Поскольку речь идет об аксиоме, связанной с использованием «Den», P. M. Мартин предлагает схему аксиом, так как вынужден предполагать бесконечное множество аксиом. Если Л есть имя абстракта, который возник из ппф Н, содержащей одну свободную переменную (то есть если Л является именем х Î Н), то схема аксиом имеет такой вид:
(A1—III2Д) ("x) (DDenx тогда и только тогда, когда ... х ...), в которой D является или именем абстракта х Î Н и «... х ...» есть перевод Н на ML, либо именем одноместного предиката и «... х...» — перевод этого одноместного предиката с аргументом х на ML.
Эта схема аксиом отвечает номиналистическому характеру всей концепции: обозначаемыми («Den») могут быть лишь отдельные индивидуумы и обозначать могут лишь одноместные предикаты или одноместные абстракты. Универсумом, следовательно, является область индивидуумов, чему также соответствует номиналистическая концепция языка первой ступени.
На основе таким образом введенного «Den» другие понятия можно ввести уже дефиниционным способом. Р. M. Мартин вводит так понятия «выполнять», «семантического произведения», «семантической суммы» и т. д. Семантическое понятие «истинный» также можно ввести на основе «Den». В этой связи полезно припомнить, что дефиниции семантического понятия «истинный», хотя они созданы на основе введения некоторых семантических понятий в качестве примитивных терминов метаязыка или при помощи эксплицитных дефиниций, не дают, конечно, конкретный критерий, при помощи которого можно решить, является ли то или иное предложение истинным. Эти дефиниции понятия «истинный» дают лишь абстрактные рамки анализа того, что означает, что предложение является истинным. Следовательно, дают усло-
вия, при которых можно предложениям приписать атрибут «истинный». При этом конкретное решение может зависеть также от других, не только семантических, средств, например от выводов экспериментов, наблюдения и т. п.
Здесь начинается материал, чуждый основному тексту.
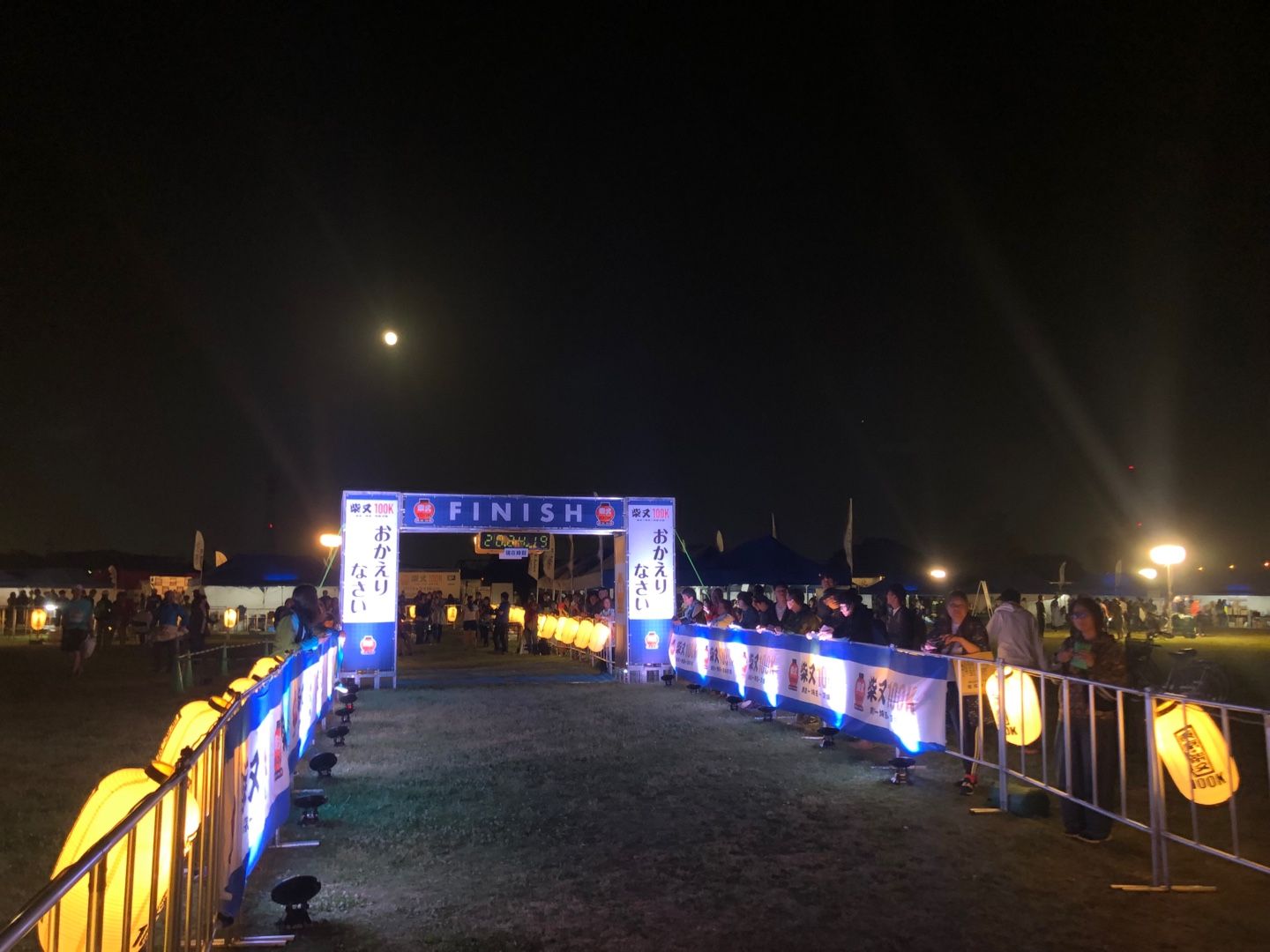 柴又100kmは中間点を過ぎました。 そして、残りフルマラソンとなる58kmまで来ました。 フルマラソンなら何度も走っているので頑張れる、と言い聞かせて、走り続けます。 そして去年走った60kmまで来ました。 ここから先は未体験ゾーンです。 まだまだ身体は元気です。 去年ヘロヘロだった60kmを過ぎて、残りは40kmです。 しかし、この残り40kmからが、なかなか距離が減らない感じにとらわれます。 少しずつペースも落ちてきて、徐々に疲れが出てきます。 残り33kmほどになったところで、向かいから同じランニングクラブメンバーのAさんが走ってきました。 彼は27km付近でも応援ランですれ違っていました。 70km過ぎに私設エイドを出しているということで、そこまで並走してくれました。 このような応援は、本当に心強いです。 エイドでコーラをいただき、握手して別れました。 ありがとうございました。 残り30kmです。 一気に行ける距離ではありません。 ここから80kmあたりまでが、やはり苦しいところです。 段々と陽も落ちてきました。 スマホの充電も切れそうなので、妻にメッセージを送って、電源を切ります。 時計も画面が見えなくなってきました。 ここからが頑張りどころです。 あとハーフ、あと10マイル、と言い聞かせながら、三郷に行けばあと10km、ここでリフレッシュしようと決めます。 陽も落ちて気温が下がることが予想されますので、三郷でノースリーブから長袖に着替え、タイツも履きます。 ラスト10km、もうあとは勢いで行けるでしょう。 と思ったのですが、すっかり夜になり、体力も消耗してしまいました。 あと10kmがなかなか進めません。 これまでの道のりを思い出しながら、気力で進みます。 残り5km、ウルトラマラソンの師匠であるOさんの私設エイドがありました。 ゴールまで余裕で行けるよ、頑張れ、と激励していただき、コーラを飲んで走り出します。 この辛い局面で、本当にありがたいです。 歩くようなペースでも、前に進みます。 新葛飾橋を超えて残り3km、ようやく東京に戻ってきました。 最後のエイドは残り2.3kmの地点です。 ボランティアさんに感謝して、ゴールを目指します。 もう真っ暗な河川敷なのに、灯りをつけて応援してくれる人がたくさんいます。 力をもらって、ゴールを目指します。 残り1km、感動のゴールまであと少し、と言い聞かせて、最後の力を振り絞ります。 灯りが見えました。 物凄い歓声です。 闇の中に電気に照らされたゴールゲートが見えました。 そのまま、「やったー」と雄叫びをあげ、両手を挙げてゴールしました。 完走メダルをかけていただき、先にゴールしていたHさんとも合流しました。 お互いの健闘を称えて握手しました。 12時間44分の長い1日は終わりました。 初めての100kmを完走したら、どんな自分に会えるのかと思っていましたが、あまり良く分からないというのが正直なところです。 これから少しずつ、実感がわいてくるでしょう。 自分1人の力では、もちろん完走出来ませんでした。 支えていただいた多くの方に心から感謝を申し上げます。 本当にありがとうございました! しばらくは休養したいと思います。 飲み会も解禁しますので、また皆さん是非誘ってください。
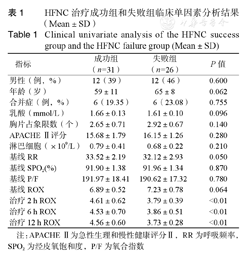 HFNC治疗成功组和失败组临床单因素分析结果(Mean±SD)
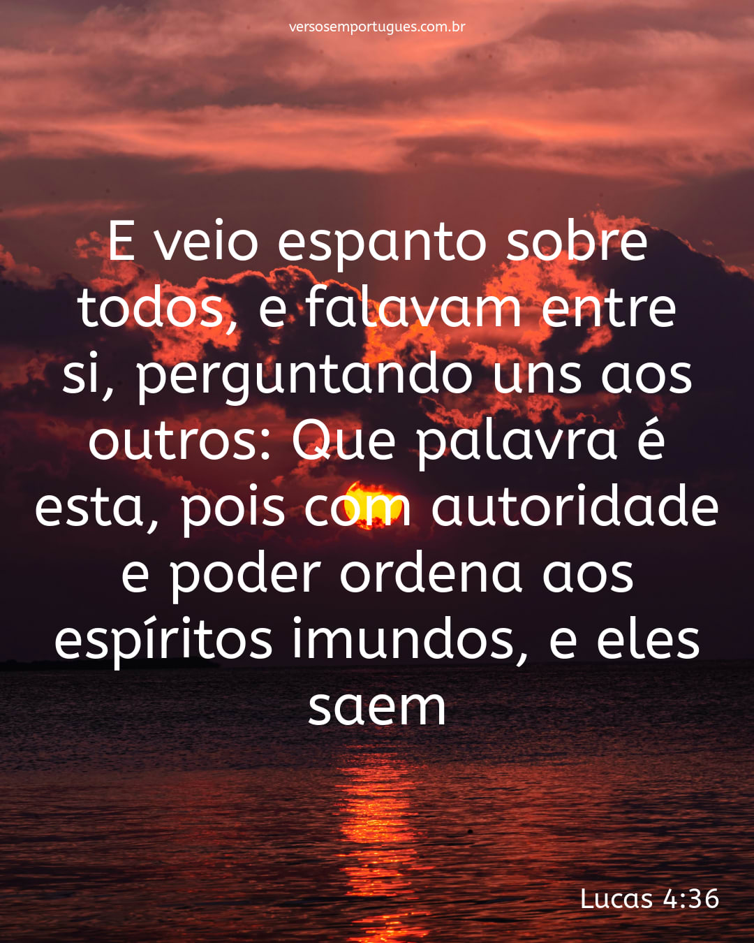 E veio espanto sobre todos, e falavam entre si, perguntando uns aos outros: Que palavra é esta, pois com autoridade e poder ordena aos espíritos imundos, e eles saem?

Аксиоматический способ введения семантических понятий, который рассматривает некоторые из семантических понятий как примитивные термины ML, явно имеет некоторые преимущества перед дефиниционным введением семантических понятий. При дефиниционном введении семантических понятий мы не покидаем сферу языка, а лишь предполагаем, что располагаем ML, который богаче, чем L, в том смысле, что содержит переменные высшего типа. При аксиоматическом введении семантических понятий мы также потребуем ML, который, хотя и в несколько ином отношении, богаче, чем L. Словарь ML уже может содержать «Den» или же некоторые из других семантических понятий, которые мы считаем примитивными.
Так понятое введение семантических понятий делает в целом нетрудной аксиоматическую разработку всей семантической проблематики простых формализованных языков. И здесь, однако, можно, в конце концов, возразить, что мы остаемся лишь в сфере языка и что и для этого подхода к семантике характерен принцип, которым Л. Витгенштейн закончил свой «Трактат» [1.50]: «7. О чем невозможно говорить, о том следует молчать». Действительно верно, что о каких-либо объектах или об отношениях этих объектов к языковым выражениям, или о самих языковых выражениях нельзя говорить иначе, чем используя определенный язык. При этом, однако, введение семантических понятий как примитивных терминов sui generis указывает на то, что сам характер этих понятий выходит за рамки компетенции внутренней структуры языка, за рамки компетенции того, что А.Тарский называет морфологией языка.
Здесь, конечно, имеются некоторые недостатки, которые при определенных обстоятельствах могут быть существенными. Аксиоматический способ разработки определенной теории — в нашем случае семантики — может быть полезным тогда, когда он дает возможность на только уточнить некоторые процедуры, но также их экономизировать. Это также требует, чтобы число аксиом,
которые нужно при этих процедурах учитывать, не было большим. В отношении к семантике сравнительно простого формализованного языка, универсум которого допускает полную и исчерпывающую разработку, такой подход является удобным.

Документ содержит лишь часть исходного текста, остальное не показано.